Work in small chunks with a well-defined idea of what you’re building, and a plan. Then slap in an agentic loop to get work done, wiring in external capabilities as necessary.
You may notice the parallels here in how humans work, and I don’t think that should be a surprise! This is primarily why I don’t buy the “my craft!” arguments. It’s still there! You have to get all the pieces of the craft in place; you just need to vocalise it to the AI tool (just as you would to the new software engineer on the team).
Let’s dive into each of the bits in a little bit more detail.
Remember, Context is King
An LLM has a context window. Think of a context window as the working memory of an LLM. Once you fill the context window, then the early parts of your conversation will be discarded (or compacted with clever models). You have a context window too - about 7±2 items in working memory1. Once it’s full, earlier information gets pushed out.
With both Claude and Copilot, you can see the context window. Here’s an example of my context window (/context ) after a few rounds of iteration:
With system prompts, tools, MCP, agents (and so on), that 200K token buffer doesn’t go as far as you might think…
As the context window fills, I’ve found you get poorer performance. “Lost in the Middle: How Language Models Use Long Contexts” explored this phenomenon in 2023, since then context windows have got much larger but I still feel the same problem today.
My golden rules for context management are pretty simple.
Don’t fill it up - If you fill the context window up, then some key concepts will be lost. Bad things will happen.
Keep it on target - Don’t get distracted by yaks to shave unless its sat on the critical path.

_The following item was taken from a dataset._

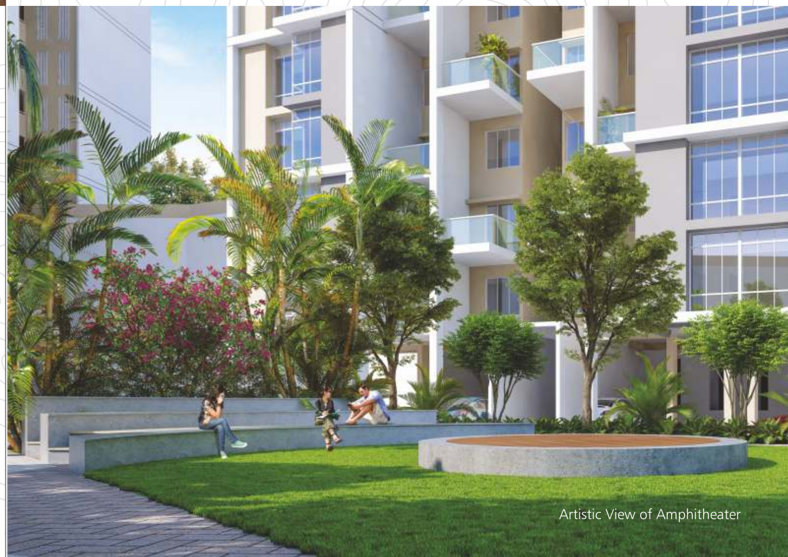
Artistic View of Amphitheater
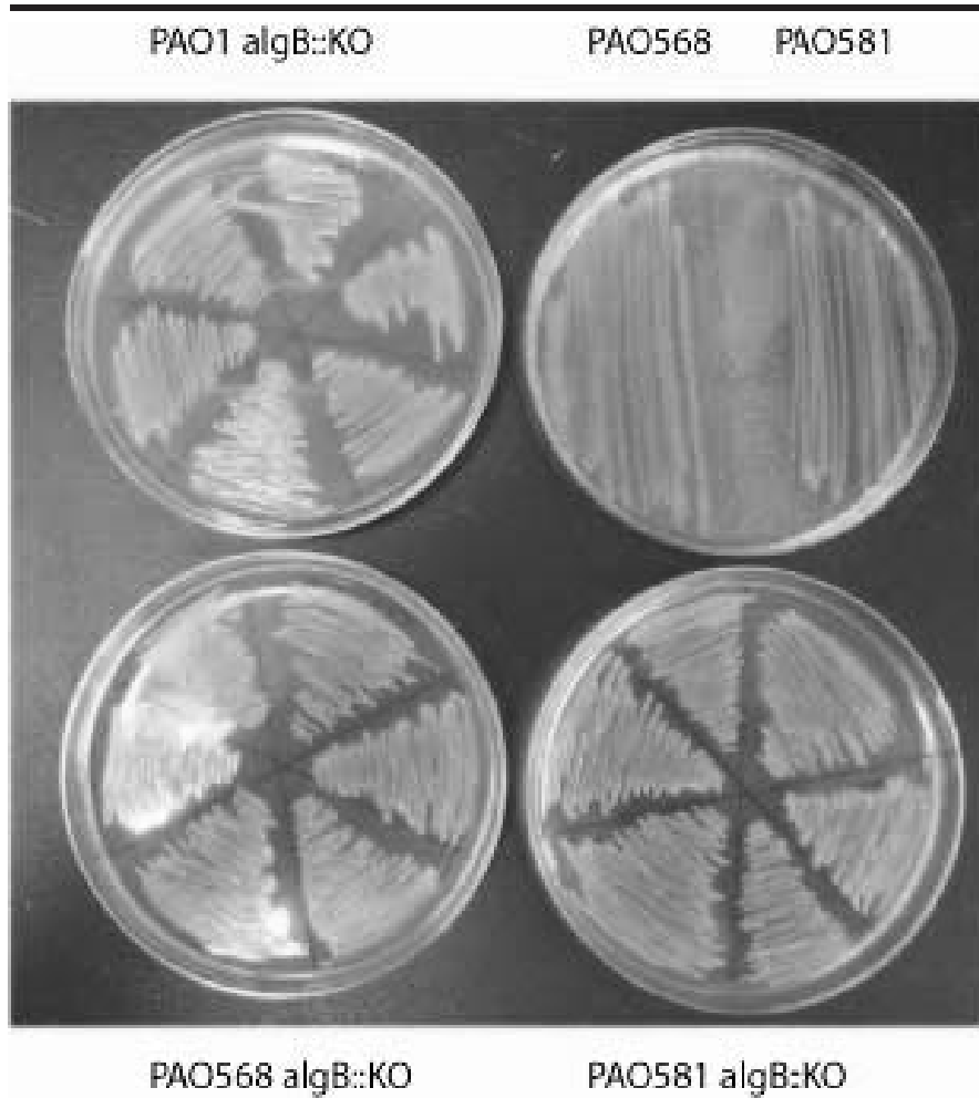
Fig 2. Effect of the inactivation of the algB gene on the mucoid colony shape in mucoid P. aeruginosa strains PAO1, PAO568, and PAO581. The picture shows the inactivation of the algB gene in PAO568 and PAO581 makes the bacterium change from a slimy into a non-slimy form.

Regularly clear the context - When you’ve finished a task, clear the context. But in order to do that, you’ll need a plan which brings us to the next section.
Know what you’re trying to do
It’s clear what you want to do only if you can write it down and explain it to someone else. The same is true with a coding assistant, it’s not a mind-reader! If there’s room for ambiguity, then assumptions will be made.
I start each feature by trying to write down a SPEC.md file (nothing special about the name!). This is an English language description of what I’m trying to build. As I’m writing it, I’ll realize how much I don’t know. I’ll often use an LLM to iterate on the specification, ask probing questions and act as a thinking partner. It’s not a replacement for a human.
Once you’ve got a decent spec file, it’s useful for humans as well as the AI! And once you’ve got a spec, you’ll need a plan.
Make a plan!
If you ask an LLM to do too much in one go, then you’ll fill the context window as you constantly have to course-correct, or simply generate too much code to fit in it. Instead, you need a plan, breaking down the work into small lumps.
Often this can be as simple as:
I’d like to implement @spec.md, please produce a corresponding plan.md.
With claude , you can engage plan mode with Shift+Tab, but remember that key thing is to externalize the plan from the context. Make it so you can clear the context and still have the plan.
I’m currently experimenting with task management system called beads (from Steve Yegge) that’s designed to work with LLMs. It encodes this pattern of working nicely! Still early days, but I like the direction it’s going in and would heartily recommend experimenting.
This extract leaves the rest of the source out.